Indiana’s statute is in the line of a long tradition of laws against public nudity, which have never been thought to run afoul of [the] traditional understanding of “the [First Amendment’s] freedom of speech.”

Responding to the suggestion by the advocates of public nudity that no one was compelled to visit strip bars, Scalia wrote the memorable lines:

The purpose of Indiana’s nudity law would be violated, I think, if 60,000 fully consenting adults crowded into the Hoosierdome to display their genitals to one another, even if there were not an offended innocent in the crowd.  Our society prohibits, and all human societies have prohibited, certain activities not because they harm others but because they are considered, in the traditional phrase, “contra bonos mores,” i.e. immoral.
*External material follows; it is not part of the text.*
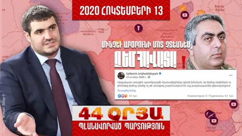 Մեկ տարի առաջ աայս օրը՝ հոկտեմբերի 13-ին, որպես պատասխան արծրունյան հերքումների, Ադրբեջանը հրապարակեց կադրեր, թե ինչպես է Հադրութում բարձրացվել այդ երկրի դրոշը։ Ոչ ոք չէր հավատում, որովհետև թեզ էր շրջանառվում՝ «Մինչև Արծրունը չասի, չեմ հավատա»։ Իսկ Արծրունի մոտ նման բաները չէին երևում։

I derive enormous pleasure from Scalia’s prose alone, appreciating my encounter with a master of the language of Shakespeare, Milton, and Churchill, a justice whose opinions seem designed to be read to cheering crowds from mountaintops; yet their real importance lies in the judicial philosophy they reveal.  This philosophy, often called textualism, holds that, if the text of the Constitution (or a statute) is “plain” or clear, any court interpreting that constitutional provision or law must follow that plain meaning.  Unfortunately, words are elusive, and finding “plain meaning” is often impossible.  In such an event, Scalia turns to history and tradition, and—in particular—the meaning that would have been perceived by a contemporary of the Constitution.  Thus, Scalia has employed Samuel Johnson’s famous Dictionary (Sixth ed., 1785) to determine what the Framers must have meant and to rely on consistent interpretations over many years of American judicial history.  Scalia, then, is an “originalist”: a jurist concerned with what the Constitution meant to the Framers and not one who believes, like most of the current Court, that the job of the Supreme Court is to read new meaning into the constitutional phrases to keep the document in tune with the times, to make it a “living Constitution.”  As Ring nicely puts it, “In politically incorrect splendor, Scalia says he likes his Constitution ‘dead.’”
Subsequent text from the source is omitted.